The prison service has adopted the bare bones of this recommendation, somewhat unwillingly. It eventually produced three separation units. One was mothballed even before it began operation, one lies empty and the third has barely a handful of residents. The arguments I have seen in defence of this state of affairs are pretty thin. While there are only around 220 people convicted of terrorist offences in a prison population of 85,000, all the evidence is that there are an unknown number of charismatic proselytisers operating across the prison system in lower security prisons, where surveillance and control is even more tenuous, who may not have been convicted of terrorist offences but are intent on spreading hateful ideologies unchecked.
So while these units should not be filled for the sake of it, I am deeply unconvinced that they are being fully utilised as I suggested. It is more likely that a fear of litigation – a fact of life when dealing with violent extremists – combined with an institutional reluctance to take on this threat has meant an important resource is not being used properly and we are less safe as a result.
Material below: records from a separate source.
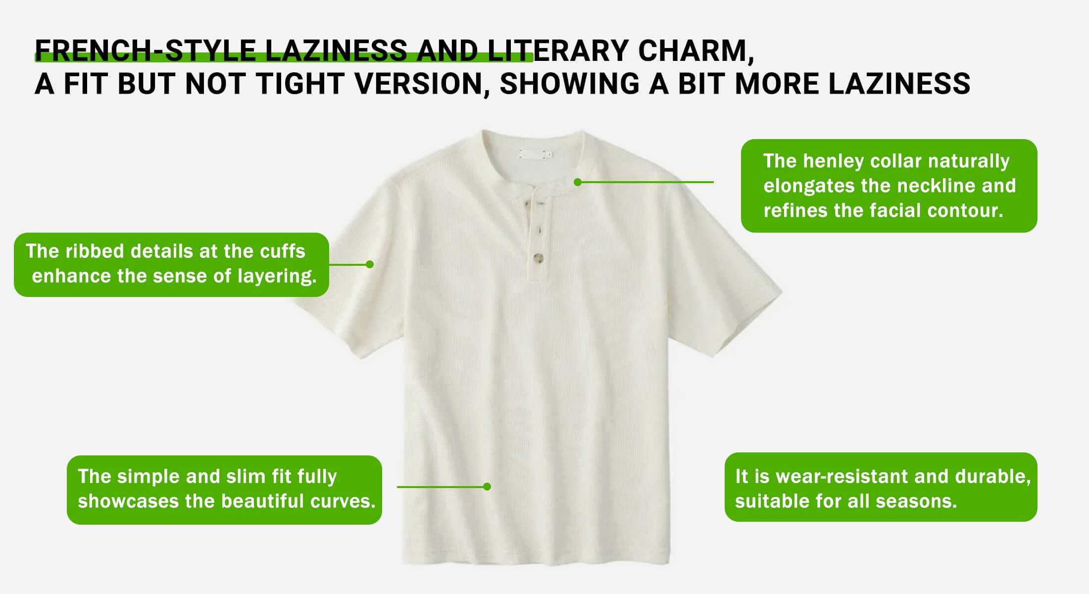 Henley collar T-shirt, understated and stylish, a piece that stands the test of time.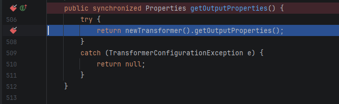 调用了 newTransformer().getOutputProperties(),跟进去。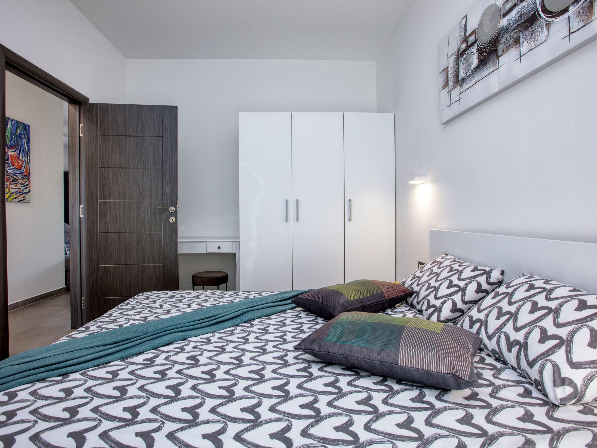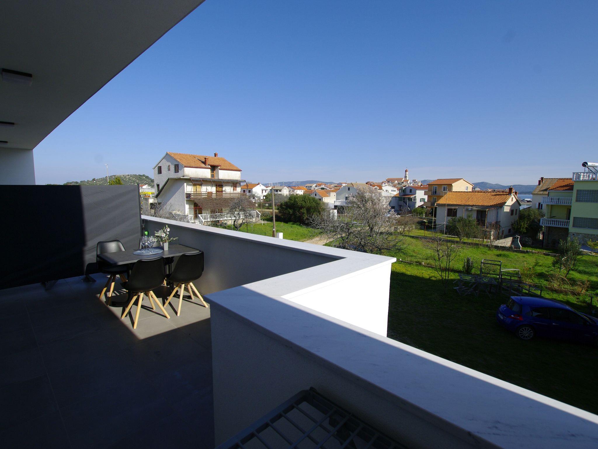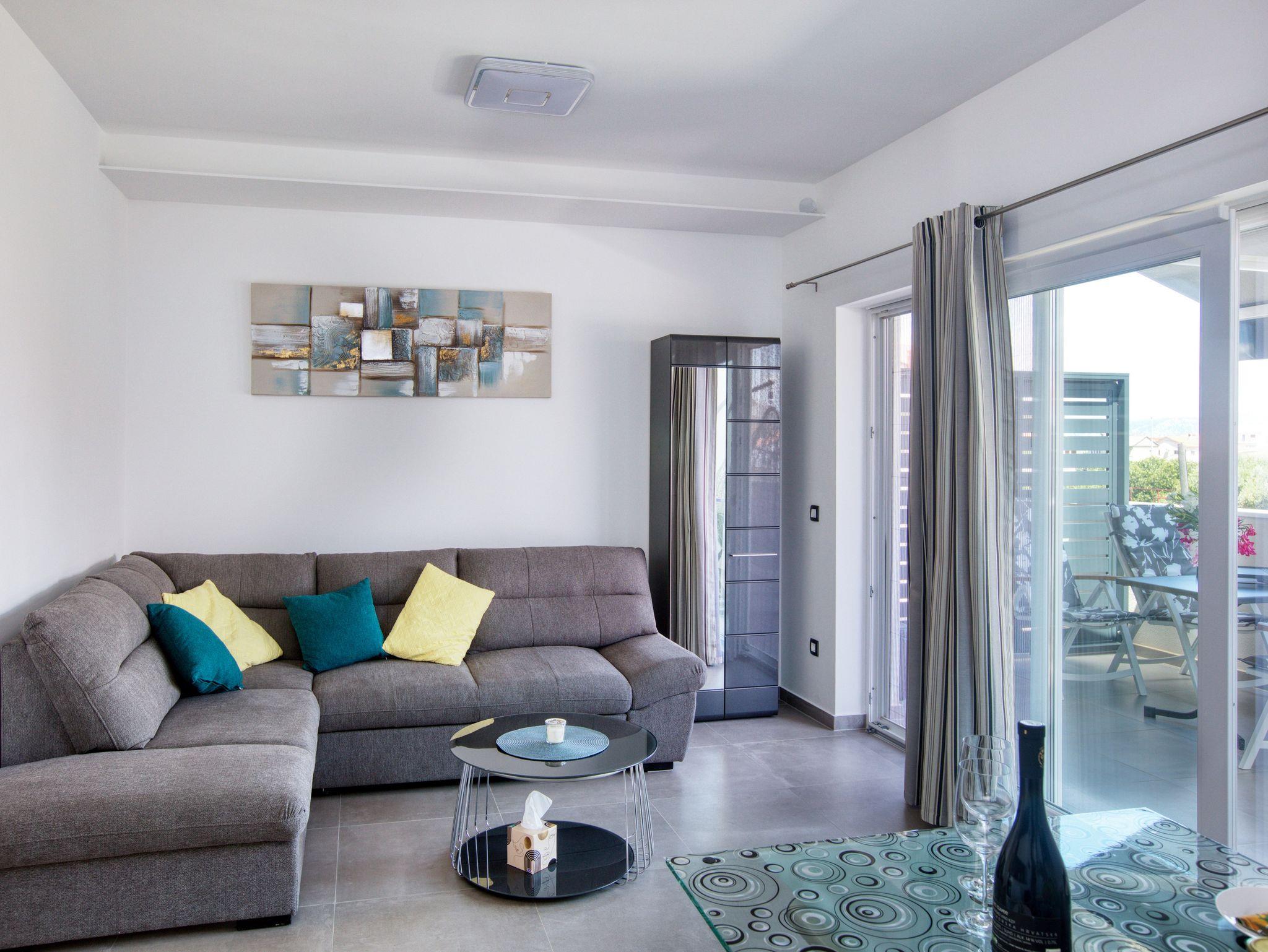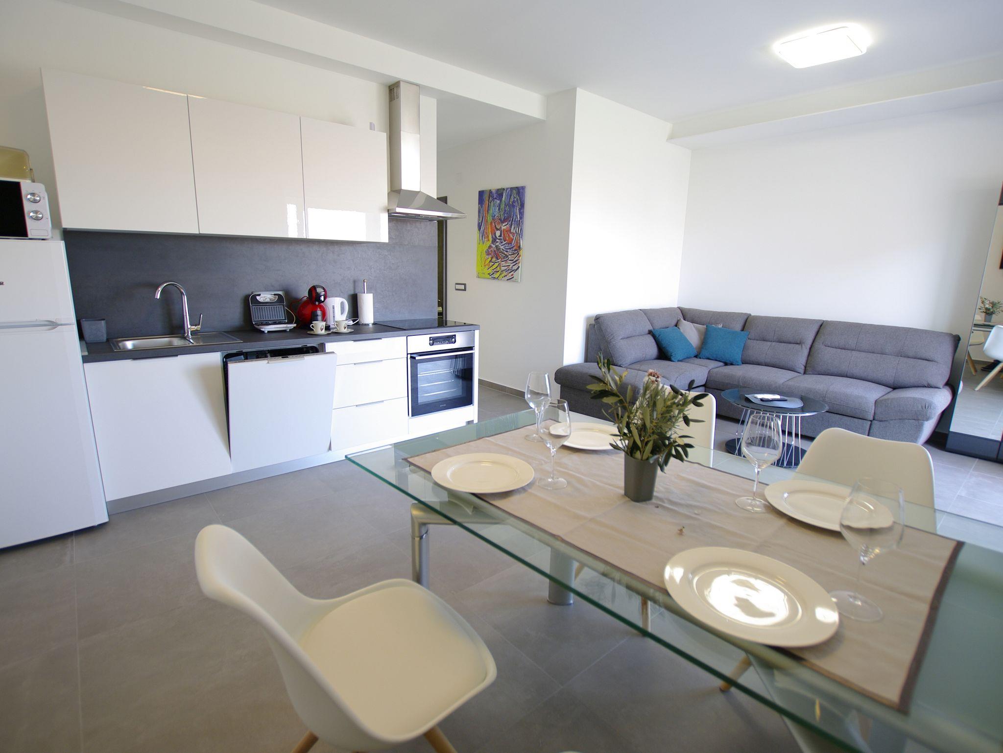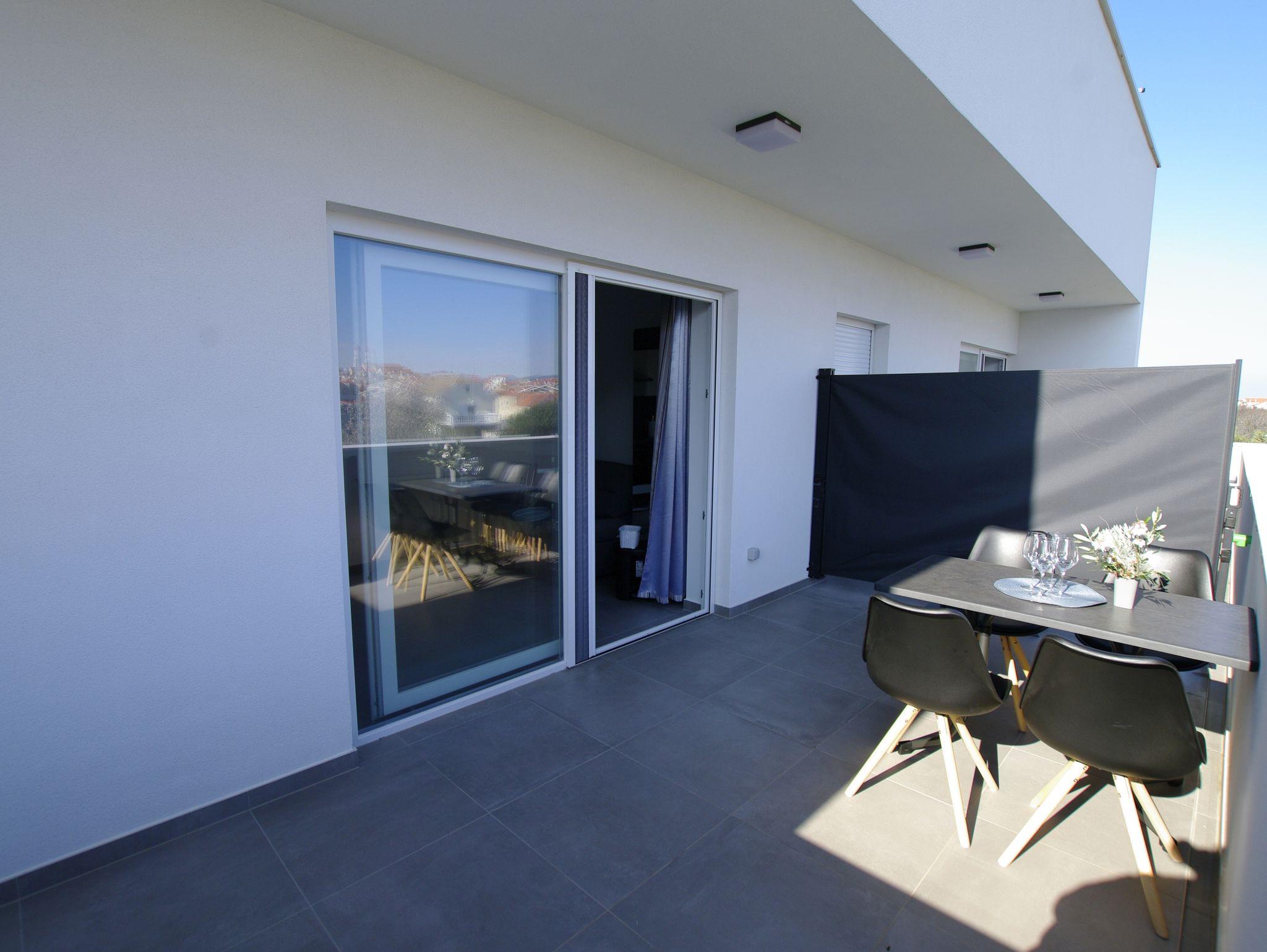 Ferienwohnung bietet Platz für 4 Gäste. Die Betten sind in Schlafzimmern, die es 1 gibt, und in Wohnzimmer, innerhalb einer Gesamtfläche von 47m2, angeordnet. Die Gäste haben eine eigene Terrasse zur Verfügung, auf der sie in warmen Sommernächten genießen können. Das Apartment bietet Meerblick. Es ist erlaubt, Speisen auf dem Gemeinschafts-Grill vorzubereiten. IM PREIS INBEGRIFFEN: Kurtaxe, Endreinigung, Klimatisierung, Parkplatz, Internet, Wäschewaschen, Kinderbett, Bügeleisen, Bügelbrett, Föhn, tragbarer Grill. VERBINDLICHE ZUSÄTZLICHE KOSTEN: Aufzahlung für Kurzaufenthalte (prozentualer Zuschlag pro Nächtigungsanzahl: 30% - 1, 20% - 2, 10% - 3). Die Verfügbarkeit zusätzlicher Dienstleistungen in Ihrem reservierten Termin und die Preise derselben (falls nicht aufgeführt) müssen im Voraus überprüft werden. Zusätzliche Dienstleistungen die in der Zahlungsaufforderung nicht aufgeführt sind werden direkt beim Vermieter bezahlt, angenommen der Gast nutzt auch diese. Ermäßigung auf den Grundpreis: Gratistag 21=19 (bei einem Aufenthalt von 21 Tagen oder mehr erhalten Sie 2 Gratistage für den Aufenthalt bis 31.12.26).

The argument that people like Mohiussunnath Chowdhury would not be in such units in the first place is similarly misplaced. I never intended separation units to be a stand-alone response to the terror threat inside prison. Separating the preacher from his adherents was only the first stage in dealing with violent extremists.
Breaking the psychological chain of dependency between the two would create an opening for prisons to go after the ‘second tier’ enforcers for such people and close down their malign powerbases. These individuals are often involved in other challenges to power and control, such as the rampant drugs economy that fuels much of the violence in the system.
Moreover, the single terrorist prisoner risk management team that I envisaged would mean a well-developed picture of the risks posed by the likes of Chowdhury. His release from custody would have been tightly managed, stopping him from going straight from prison to planning his next attack.
The terminology gratefully seized upon by the prison service to describe the philosophy of separation units is ‘safeguarding’ – a term more often used to refer to children at risk of harm. This is a revealing part of the problem. People like Chowdhury, Amman and Usman Khan aren’t the vulnerable ones. We are. This is a national security problem. If the prison service can’t or won’t step up to the plate and urgently get a grip on its Jihadist finishing schools, it must be divested of all responsibility for doing so.